In its latest enforcement action in the realm of the Internet of Things, the Federal Trade Commission filed suit against D-Link Corporation, a Taiwan-based computer networking equipment manufacturer and its U.S. subsidiary, alleging that the defendants failed to employ adequate security measures for their wireless routers and Internet cameras.

Although D-Link promoted the security of its routers with claims like "EASY TO SECURE" and "ADVANCED NETWORK SECURITY," the company neglected to take easy steps to avoid security flaws, the agency asserted in its California federal court complaint. According to the agency, D-Link accepted hard-coded login credentials and the use of "command injection," which allowed remote attackers to take control of routers by sending commands over the Internet.

The defendants also openly displayed a private key code used to sign into D-Link software on a public website for six months and allowed user login credentials on D-Link's mobile app to remain in clear, readable text on mobile devices—despite the availability of free software that could have secured the information, the FTC alleged.

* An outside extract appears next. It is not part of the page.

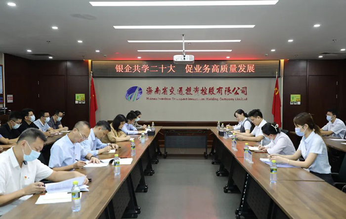 為進一步拓寬新時代黨建共建工作思路,形成“優勢互補、資源共享、文明共建、共同發展”的黨建工作新格局,10月18日上午,海南交控第二黨支部聯合海口農商銀行營業部黨支部聯合開展“銀企共學二十大,促業務高質量發展”黨建共建活動,雙方黨支部黨員及積極分子共26人參加。

All of these errors left consumers vulnerable, the agency said, as a hacker could take advantage of a compromised router to obtain stored files (tax returns, for example), redirect a consumer to a fraudulent website, or leverage the router to attack other devices on consumers' local networks such as smartphones, computers, and other connected appliances.

As for the unsecure cameras, D-Link's actions placed consumers at risk of having their personal activities and conversations recorded and watched or their locations monitored, which could make theft or other crimes much easier to commit, the agency told the court.

The suit seeks a permanent injunction against future violations of the Federal Trade Commission Act, as well as costs.

D-Link responded to the lawsuit with a statement on its website denying "the unwarranted allegations outlined in the FTC complaint" and stating its plans to "vigorously defend the action." The company also noted that the agency's complaint "does not allege any breach of any product sold by D-Link Systems in the U.S."

To read the complaint in FTC v. D-Link Corporation, click here.

Why it matters: The complaint against D-Link furthers the agency's efforts with regard to privacy and security in the Internet of Things, the agency noted. "Hackers are increasingly targeting consumer routers and IP cameras—and the consequences for consumers can include device compromise and exposure of their sensitive personal information," Director of the FTC's Bureau of Consumer Protection Jessica Rich said in a statement. "When manufacturers tell consumers that their equipment is secure, it's critical that they take the necessary steps to make sure that's true." Commissioner Maureen Ohlhausen voted against filing the suit but did not comment on her decision.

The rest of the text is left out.